The Peterson Cos.’ Avonlea Town Center project in Loudoun County looks to have suffered yet another setback, in part due to the coronavirus pandemic’s impact on the economy.
The developer could soon be forced to slice off a 48-acre chunk of the 76-acre project, set to become home to hundreds of apartments and a senior living facility, as a development agreement with the owner of those parcels has fallen apart. That’s according to a recent constituent newsletter from Supervisor Matt Letourneau, R-Dulles, who represents the area where Avonlea is located on Route 50 near South Riding.
Peterson struck a deal with Toll Brothers, which owns a shopping center near the Avonlea site, to buy those 48 additional acres in 2016. That would’ve allowed the developer to more than double the size of the project, originally planned as a retail and commercial campus anchored by a movie theater south of Route 50 and east of Pinebrook Road.

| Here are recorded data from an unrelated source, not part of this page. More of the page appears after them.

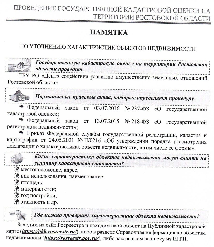 Ознакомиться с памяткой по уточнению характеристик объектов недвижимости, а также с предварительным перечнем земельных участков, подлежащих кадастровой оценке, можно на официальном сайте минимущества Ростовской области.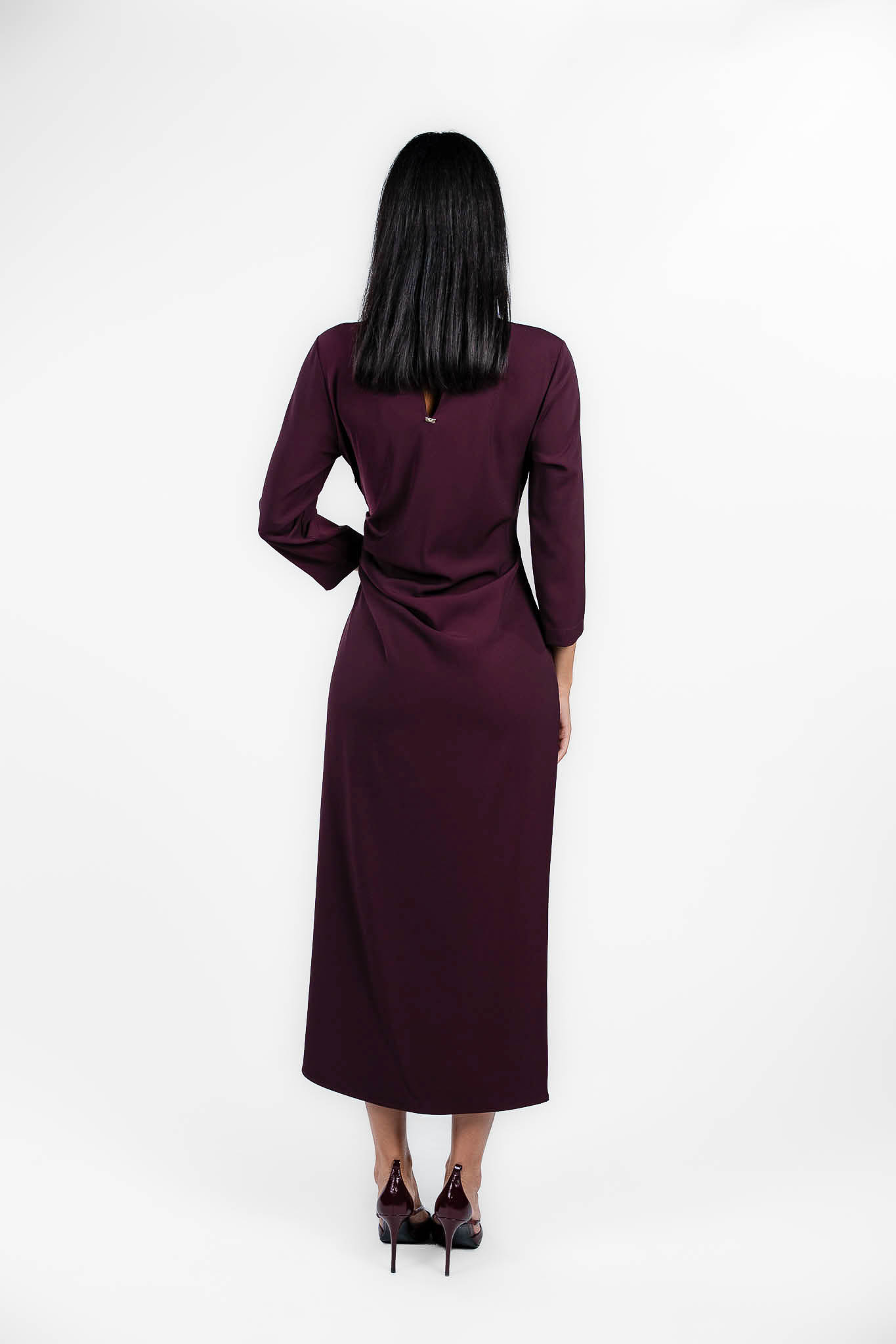 Elegante e raffinato, questo abito a manica lunga longhette è un capolavoro di stile e comfort. Il dettaglio dell’orlo nel fianco crea un gioco di forme che enfatizza la silhouette, mentre il drappeggio laterale aggiunge un tocco di movimento e femminilità, valorizzando la figura in modo delicato. Il design lungo e fluido, con maniche lunghe, è perfetto per le stagioni più fresche, ma mantiene un’aria sofisticata adatta a qualsiasi occasione speciale. Un abito versatile che può essere facilmente abbinato a tacchi alti per un look da sera o a scarpe più basse per un outfit elegante ma comodo.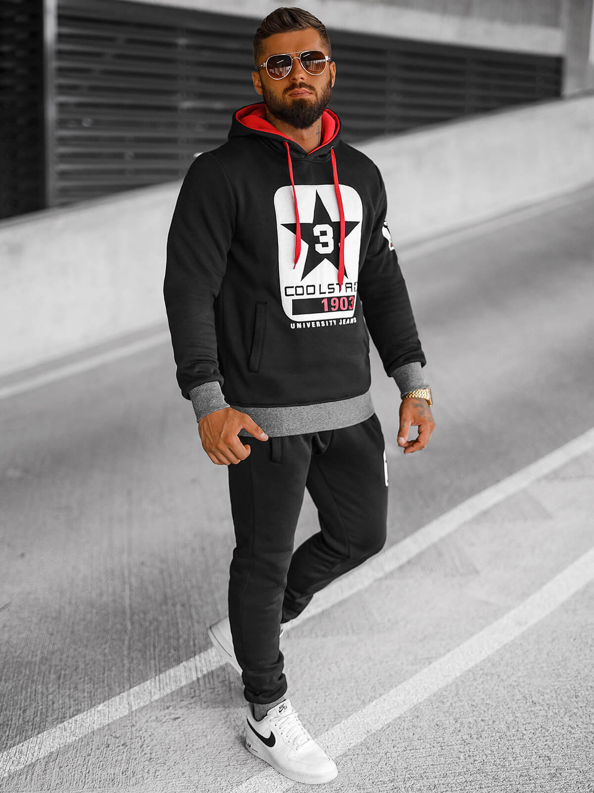 Šis vyriško sportinio kostiumo komplektas yra itin universalus ir tinka daugeliui progų. Jį galite dėvėti treniruodamiesi, eidami pasivaikščioti ar susitikę su draugais. Jis puikiai dera ir prie sportinių batelių, ir prie laisvalaikio sportbačių.

For now, at least, Letourneau wrote that those Toll Brothers Inc. (NYSE: TOL) parcels, located closest to the Home Depot-anchored shopping center, are “no longer part of the project.” He noted Peterson had trouble luring retail tenants to Avonlea long before the pandemic struck, and he expects Covid-19’s devastating impact on that sector contributed to Toll Brothers’ decision to pull back.